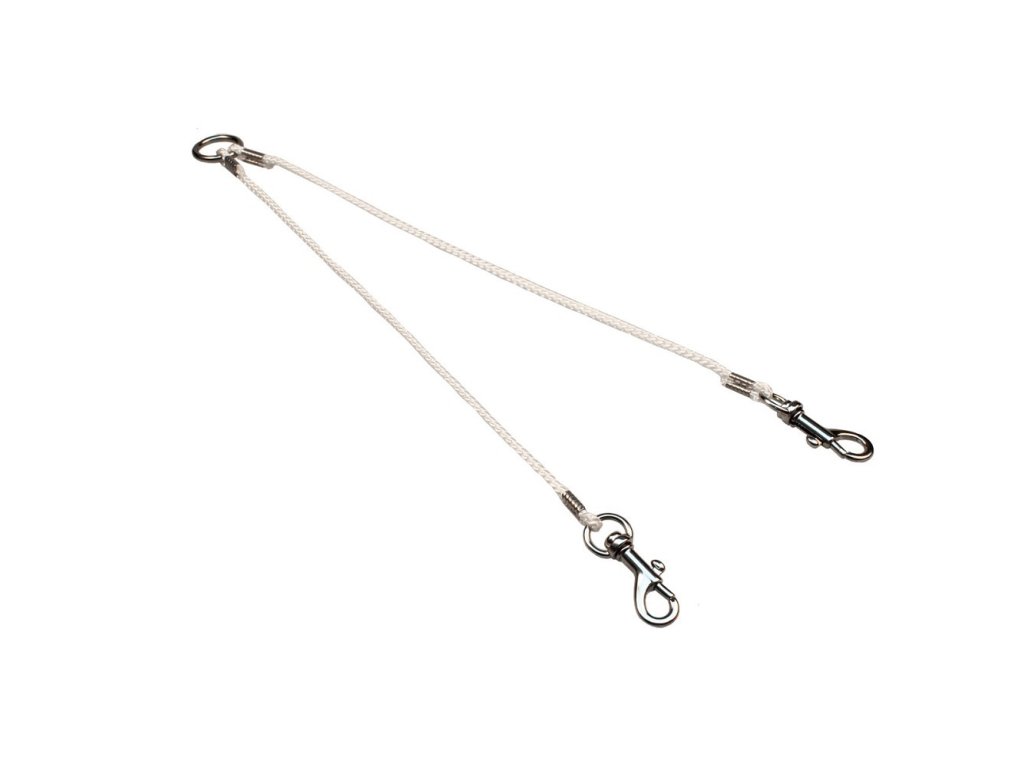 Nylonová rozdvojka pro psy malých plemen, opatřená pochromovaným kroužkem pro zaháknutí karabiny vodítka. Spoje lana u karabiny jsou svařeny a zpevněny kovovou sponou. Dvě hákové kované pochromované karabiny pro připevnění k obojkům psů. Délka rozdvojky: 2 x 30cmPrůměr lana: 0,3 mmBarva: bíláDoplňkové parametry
○ ○ ○ ○
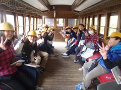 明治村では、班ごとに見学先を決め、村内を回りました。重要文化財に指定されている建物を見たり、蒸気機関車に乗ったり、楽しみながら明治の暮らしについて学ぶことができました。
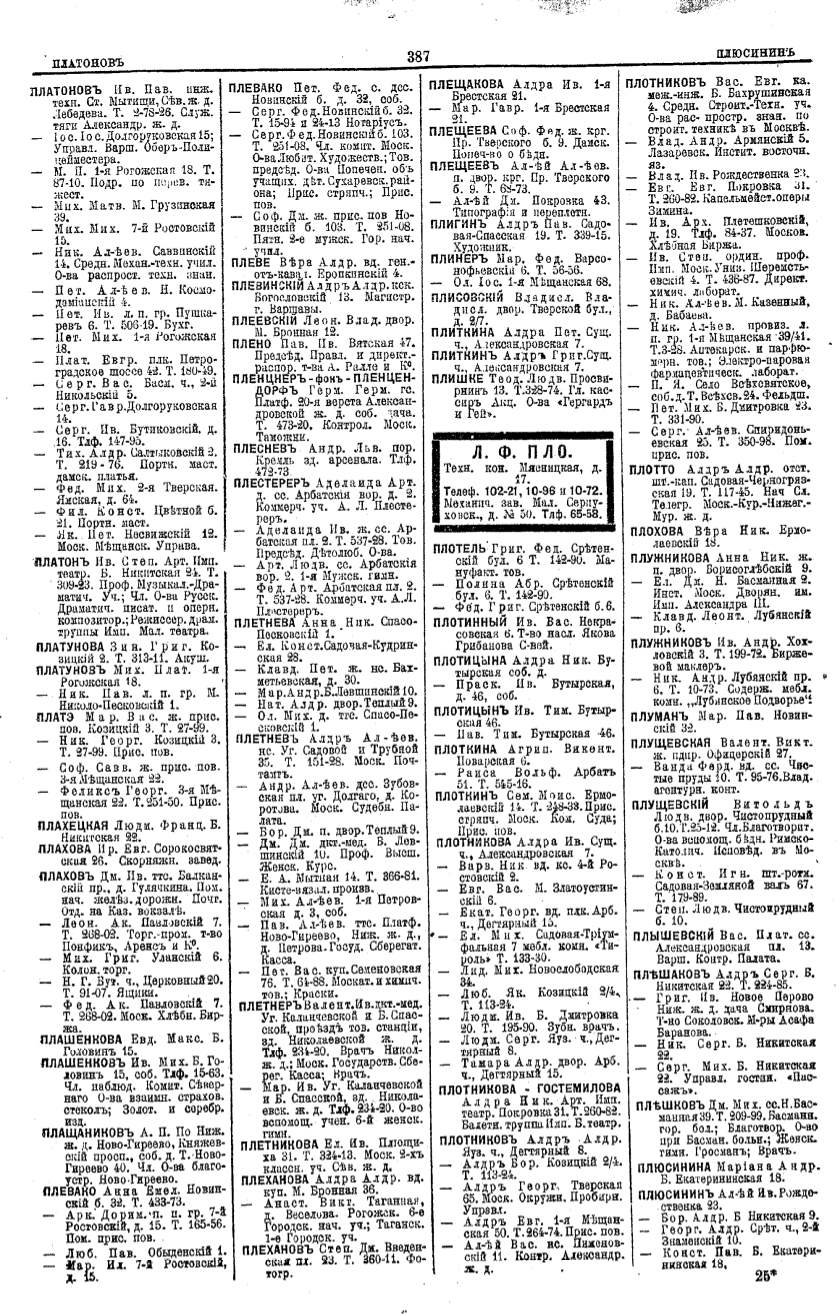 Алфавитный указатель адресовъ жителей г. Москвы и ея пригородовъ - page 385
○ ○ ○ ○
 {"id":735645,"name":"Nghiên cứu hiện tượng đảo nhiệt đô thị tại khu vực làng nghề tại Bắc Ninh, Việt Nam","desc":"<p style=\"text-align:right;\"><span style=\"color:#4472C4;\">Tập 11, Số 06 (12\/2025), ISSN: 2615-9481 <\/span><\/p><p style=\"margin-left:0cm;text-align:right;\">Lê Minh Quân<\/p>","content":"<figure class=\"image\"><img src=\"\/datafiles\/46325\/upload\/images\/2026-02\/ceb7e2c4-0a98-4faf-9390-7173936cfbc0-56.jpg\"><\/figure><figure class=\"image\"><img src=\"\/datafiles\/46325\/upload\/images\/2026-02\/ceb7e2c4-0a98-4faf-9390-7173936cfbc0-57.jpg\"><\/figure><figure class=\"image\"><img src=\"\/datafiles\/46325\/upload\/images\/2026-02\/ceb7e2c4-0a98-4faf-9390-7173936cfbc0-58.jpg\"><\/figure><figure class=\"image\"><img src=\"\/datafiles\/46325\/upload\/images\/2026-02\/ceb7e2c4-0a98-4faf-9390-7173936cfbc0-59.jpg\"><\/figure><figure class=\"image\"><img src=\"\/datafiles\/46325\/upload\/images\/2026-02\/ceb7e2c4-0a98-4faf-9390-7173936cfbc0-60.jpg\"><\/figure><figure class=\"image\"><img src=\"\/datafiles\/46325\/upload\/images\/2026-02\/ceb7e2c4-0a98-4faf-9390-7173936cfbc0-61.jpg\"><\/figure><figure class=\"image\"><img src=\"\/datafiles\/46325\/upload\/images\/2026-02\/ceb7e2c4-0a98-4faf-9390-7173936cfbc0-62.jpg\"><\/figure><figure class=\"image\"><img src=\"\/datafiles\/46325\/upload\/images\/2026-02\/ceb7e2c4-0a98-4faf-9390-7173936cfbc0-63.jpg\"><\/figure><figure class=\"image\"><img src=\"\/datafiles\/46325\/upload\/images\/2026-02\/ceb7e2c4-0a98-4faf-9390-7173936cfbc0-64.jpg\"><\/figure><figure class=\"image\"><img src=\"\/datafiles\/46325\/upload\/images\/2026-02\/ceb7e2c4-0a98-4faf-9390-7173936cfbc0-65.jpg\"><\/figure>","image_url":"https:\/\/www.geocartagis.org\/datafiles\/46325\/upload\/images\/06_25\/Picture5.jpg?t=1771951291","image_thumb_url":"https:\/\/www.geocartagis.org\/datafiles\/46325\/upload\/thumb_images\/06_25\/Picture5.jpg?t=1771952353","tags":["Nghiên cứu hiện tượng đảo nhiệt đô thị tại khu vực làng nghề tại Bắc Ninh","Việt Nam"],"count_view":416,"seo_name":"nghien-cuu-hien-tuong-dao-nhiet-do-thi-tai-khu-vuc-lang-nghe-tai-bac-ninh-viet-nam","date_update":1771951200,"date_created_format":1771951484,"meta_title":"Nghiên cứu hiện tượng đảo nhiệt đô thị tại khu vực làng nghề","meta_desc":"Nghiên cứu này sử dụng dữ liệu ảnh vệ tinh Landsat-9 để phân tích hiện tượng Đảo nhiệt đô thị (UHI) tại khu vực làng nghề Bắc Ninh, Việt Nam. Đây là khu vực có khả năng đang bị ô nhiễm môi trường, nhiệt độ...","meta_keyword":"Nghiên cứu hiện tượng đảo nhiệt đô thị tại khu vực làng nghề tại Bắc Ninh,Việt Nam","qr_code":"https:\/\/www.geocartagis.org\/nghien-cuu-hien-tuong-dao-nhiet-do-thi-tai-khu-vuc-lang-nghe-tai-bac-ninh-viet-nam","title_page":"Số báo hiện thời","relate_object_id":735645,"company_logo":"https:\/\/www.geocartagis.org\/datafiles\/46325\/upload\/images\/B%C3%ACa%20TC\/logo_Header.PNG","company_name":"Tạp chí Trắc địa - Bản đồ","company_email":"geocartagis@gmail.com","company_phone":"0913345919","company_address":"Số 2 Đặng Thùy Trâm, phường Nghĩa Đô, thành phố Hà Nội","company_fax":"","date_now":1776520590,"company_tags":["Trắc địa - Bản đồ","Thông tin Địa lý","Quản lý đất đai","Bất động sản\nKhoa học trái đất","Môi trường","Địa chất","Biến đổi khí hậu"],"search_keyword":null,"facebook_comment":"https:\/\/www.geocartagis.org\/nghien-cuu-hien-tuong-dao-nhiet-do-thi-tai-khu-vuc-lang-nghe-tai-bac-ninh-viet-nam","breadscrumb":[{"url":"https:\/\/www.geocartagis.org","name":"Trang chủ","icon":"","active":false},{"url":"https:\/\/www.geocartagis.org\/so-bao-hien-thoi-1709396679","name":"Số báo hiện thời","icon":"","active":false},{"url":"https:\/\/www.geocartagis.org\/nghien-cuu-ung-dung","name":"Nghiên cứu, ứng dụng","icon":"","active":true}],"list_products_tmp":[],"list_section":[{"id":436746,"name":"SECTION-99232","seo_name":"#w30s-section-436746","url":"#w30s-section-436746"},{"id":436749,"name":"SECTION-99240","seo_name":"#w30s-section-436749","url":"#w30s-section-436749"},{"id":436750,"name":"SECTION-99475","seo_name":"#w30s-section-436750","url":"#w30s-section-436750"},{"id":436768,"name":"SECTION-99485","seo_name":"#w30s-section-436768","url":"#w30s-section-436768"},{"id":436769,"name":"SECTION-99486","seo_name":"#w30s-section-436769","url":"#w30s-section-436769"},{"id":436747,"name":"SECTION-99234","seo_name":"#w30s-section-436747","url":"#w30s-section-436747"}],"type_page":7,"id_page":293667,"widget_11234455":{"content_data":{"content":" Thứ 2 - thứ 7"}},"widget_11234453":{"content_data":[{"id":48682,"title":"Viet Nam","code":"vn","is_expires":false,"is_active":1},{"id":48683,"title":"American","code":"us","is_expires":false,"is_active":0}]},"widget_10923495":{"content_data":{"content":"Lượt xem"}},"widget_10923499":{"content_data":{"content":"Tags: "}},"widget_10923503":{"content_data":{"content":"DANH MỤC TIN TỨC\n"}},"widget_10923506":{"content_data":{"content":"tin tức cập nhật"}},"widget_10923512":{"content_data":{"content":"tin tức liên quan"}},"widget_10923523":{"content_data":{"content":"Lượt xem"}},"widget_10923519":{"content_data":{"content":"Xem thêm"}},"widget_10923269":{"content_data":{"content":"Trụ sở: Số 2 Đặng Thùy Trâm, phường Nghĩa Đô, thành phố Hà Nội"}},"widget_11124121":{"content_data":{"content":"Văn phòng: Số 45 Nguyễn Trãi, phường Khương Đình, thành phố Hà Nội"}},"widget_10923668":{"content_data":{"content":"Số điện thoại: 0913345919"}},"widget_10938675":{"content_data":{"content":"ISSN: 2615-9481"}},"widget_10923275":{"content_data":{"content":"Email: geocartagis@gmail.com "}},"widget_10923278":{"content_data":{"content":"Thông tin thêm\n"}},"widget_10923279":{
○ ○ ○ ○
Exercise aim = What are the lines in the records above, word for word, from the one containing "明治村では、班ごとに見学先を" through the one containing "Алфавитный указатель адресовъ", both ends included and pictures left out?

Answer to this exercise =
 明治村では、班ごとに見学先を決め、村内を回りました。重要文化財に指定されている建物を見たり、蒸気機関車に乗ったり、楽しみながら明治の暮らしについて学ぶことができました。
 Алфавитный указатель адресовъ жителей г. Москвы и ея пригородовъ - page 385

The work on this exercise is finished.